Юити сообразил, что перед ним брошены игральные кости. Есть разница в манерах, когда вьются вокруг мужчины, чтобы склонить его к интимным отношениям, и когда домогаются женщины. Все эти лицемерные извивы и уклоны, сопровождающие гетеросексуальные услаждения, близки к гомосексуальным ухаживаниям. Если этим вечером Кавада возжелал тела Юити, то этикет требовал, чтобы он попросил об этом в самой вежливой манере. Этот нарциссоподобный юноша смотрел на мужчину средних лет и на старика писателя, и ни один из них не обладал в его глазах ни толикой очарования, в то время как они сами, совершенно позабыв о своем социальном положении, о своих обязанностях, утонули в одном его очаровании.
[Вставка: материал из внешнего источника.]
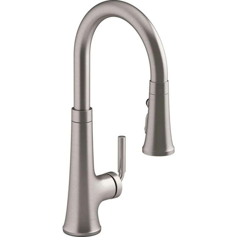 Elevate your kitchen aesthetics and functionality with the KOHLER Tone Single Handle Pull-Down Sprayer Faucet. Featuring a sleek mid-century modern design and innovative technologies like Boost and Sweep spray, this faucet offers a harmonious blend of style and performance. Its Vibrant Stainless finish and robust materials ensure it complements any kitchen while delivering durable performance.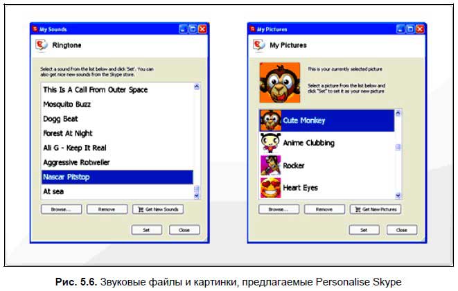 Personalise Skype поможет вам создать свой собственный неповторимый Skype. Найдите себе мелодию, которая заставит вас улыбаться каждый раз, когда вам звонят друзья. Выберите фотографию, увидев которую все поймут, что вам плохо, и, может быть, кто‑то позвонит, чтобы подбодрить вас (рис. 5.6).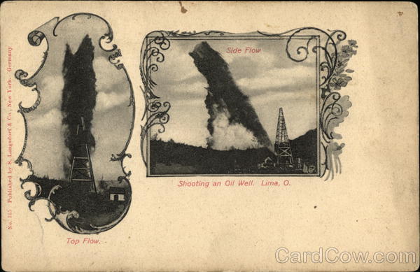 Front: Top Flow.. No. 315 Published by S. Langsdorf & Co., New York. Germany Shooting an Oil Well. Lima, O. 地寬9 Side Flow Back: Two cents

При этом они не проявляли ни малейшего интереса к его душе; только тело его стало предметом их огромного вожделения. Он чувствовал, что попади женщина в подобные обстоятельства, она испытала бы волнение совсем иного рода. Это было похоже на то, будто он отделился от собственного тела и стал тем вторым человеком, который восхищается этим независимым телом. Его душа топтала и поносила это первичное тело, цеплялась к другому облюбованному телу. Она пыталась достичь очень зыбкого равновесия. Он познавал редкое в мире удовольствие!
— Я всегда говорю то, что у меня на уме. Вы уж простите меня, если я скажу то, что может вас смутить. Юити ведь не настоящий ваш племянник, не так ли?
— Правда? Нет, нет, он настоящий племянник. Хотя надо сказать, что если и бытует такое выражение, как «настоящий друг», то я не уверен, что можно сказать «настоящий племянник». — Вот такой был прямодушный писательский ответ Сюнсукэ.
— Тогда позвольте задать следующий вопрос. Вы и Юити только друзья? Или…
— Ты хотел спросить, не любовники ли мы? О нет! Я уже капитулировал на этом фронте.
Оба мужчины одновременно посмотрели на красивые ресницы юноши. Он сидел, скрестив ноги, в руках держал сложенный нагрудник, смотрел в сторону, спокойно раскуривая сигарету. Плутовская красота оживлялась в Юити.
— Это все, что меня интересовало. Теперь я спокоен, — сказал Кавада, намеренно не глядя на Юити.
Когда он произносил эти слова, по его щеке промчалась наискось судорога, словно итоговая линия, жирно подведенная карандашом.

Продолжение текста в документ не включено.